SparkStreaming整合SparkSql的程序中spark的重要对象创建的顺序可能会导致程序报错。
可按照 sparkConf、SparkContext、StreamingContext、SparkSession的顺序。
//TODO 1、创建ssc对象
val conf = new SparkConf().setAppName("BoxLogStreamingDeal").setMaster("yarn")
.set("spark.defalut.parallelism", "500")
//每秒钟每个分区kafka拉取消息的速率
.set("spark.streaming.kafka.maxRatePerPartition", "500")
// 序列化
.set("spark.serializer", "org.apache.spark.serializer.KryoSerializer")
// 建议开启rdd的压缩
.set("spark.io.compression.codec", "snappy")
// .set("spark.driver.allowMultipleContexts","true")
val sc = new SparkContext(conf)
sc.setLogLevel("WARN")
val ssc = new StreamingContext(sc, Seconds(60))
// ssc.checkpoint("/jar/sparkstreaming/boxLog/checkpoint")
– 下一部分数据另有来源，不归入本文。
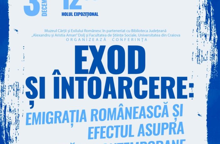 Muzeul Cărții și Exilului Românesc, în parteneriat cu Biblioteca Județeană „Alexandru și Aristia Aman” Dolj și Facultatea de Științe Sociale din cadrul Universității din Craiova organizează marți, 3 decembrie 2024, la ora 12.00, conferința cu tema: „Exod și întoarcere: Emigrația românească și efectul asupra societății contemporane”. La eveniment participă lect. univ. dr. Alexandra Porumbescu de la Facultatea de Științe Sociale, Universitatea din Craiova, care va susține prelegerea intitulată „Exod și întoarcere: Emigrația românească și efectul asupra societății contemporane”, și studenții Facultății de Științe Sociale, Universitatea din Craiova. Conferința este dedicată dimensiunii…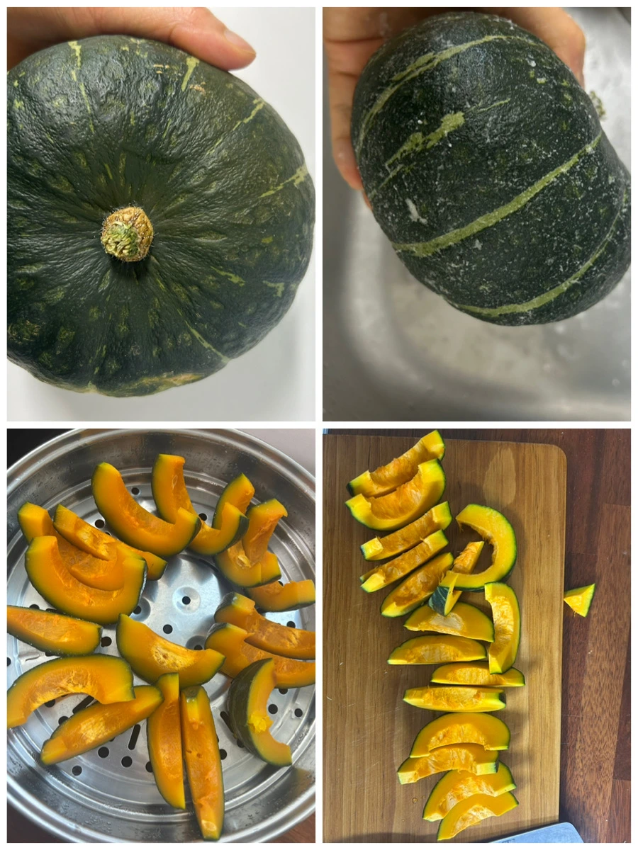 -반을 잘라 씨를 파내고 적당한 크기로 자른 후 김이 오른 찜기에 넣는다.

val spark = SparkSession.builder()
.config(conf)
.config("hive.metastore.uris","thrift://××××:7004")
.enableHiveSupport()
.getOrCreate()
//TODO 2、准备kafka的参数
val (brokerList, boxLogTopic, groupId) = (ConfigrautionUtils.brokerList,ConfigrautionUtils.boxLogTopic,ConfigrautionUtils.groupId)
val kafkaParams = Map[String, Object](
"bootstrap.servers" -> brokerList,
"key.deserializer" -> classOf[StringDeserializer],
"value.deserializer" -> classOf[StringDeserializer],
"auto.offset.reset" -> "latest",
"enable.auto.commit" -> "false",
"group.id" -> groupId)
//TODO 3、消费kafka数据,获取数据流
val kafkaStream: DStream[ConsumerRecord[String, String]] = KafkaUtils.createDirectStream[String, String](
ssc,
LocationStrategies.PreferConsistent,
ConsumerStrategies.Subscribe[String, String](List(boxLogTopic), kafkaParams)
)
pom.xml
<?xml version="1.0" encoding="UTF-8"?>
<project xmlns="http://maven.apache.org/POM/4.0.0"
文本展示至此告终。